*** Data below ***

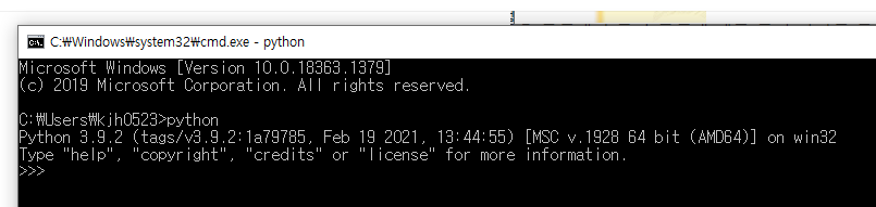 아까 PATH를 잡아 달라고 했기 때문에 python이 실행 될 것입니다.
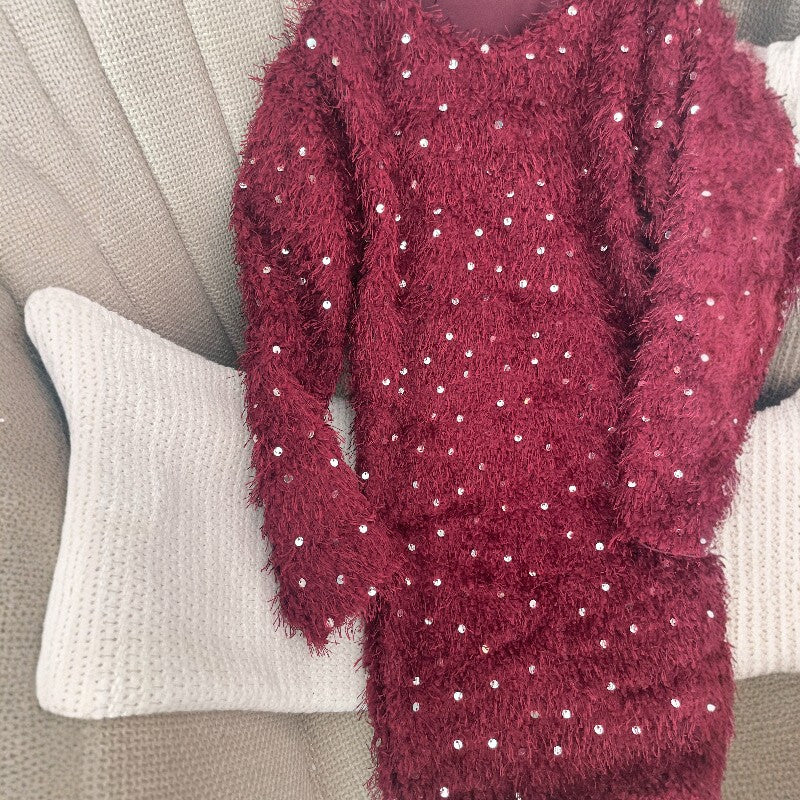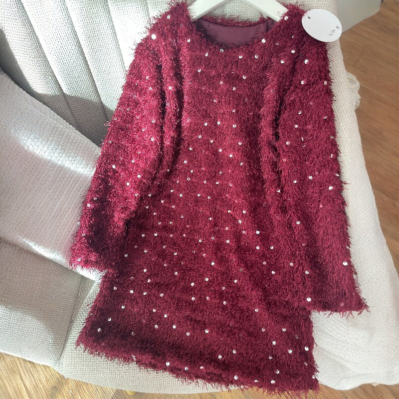 Подарете истински празничен блясък с тази впечатляваща детска рокля в елегантен бордо цвят. Изработена е от красиви, плътно подредени пайети, които улавят светлината от всеки ъгъл. Дизайнът е допълнен от фина пухкава текстура („косъмчета“) по материята, която придава обем, мекота и луксозно излъчване.
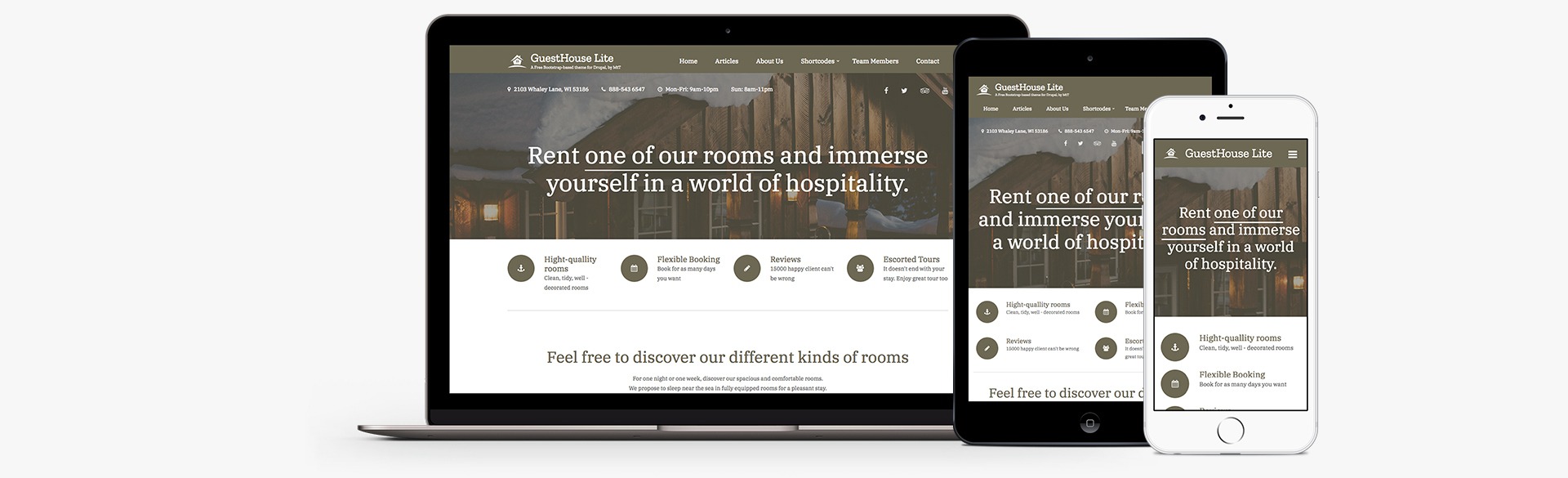Guesthouse Lite is a free Drupal theme to apply on your Drupal website. You can use it as is or customize it for your personal or commercial projects, without limitations. Although attribution is very much appreciated it is not required. Take a look at the Live demo.

*** End of Data below ***

Keeping both end lines, retype exactly the lines from the first line of the material through the line that contains "Подарете истински празничен", but not the pictures.

Task answer
 아까 PATH를 잡아 달라고 했기 때문에 python이 실행 될 것입니다.
 Подарете истински празничен блясък с тази впечатляваща детска рокля в елегантен бордо цвят. Изработена е от красиви, плътно подредени пайети, които улавят светлината от всеки ъгъл. Дизайнът е допълнен от фина пухкава текстура („косъмчета“) по материята, която придава обем, мекота и луксозно излъчване.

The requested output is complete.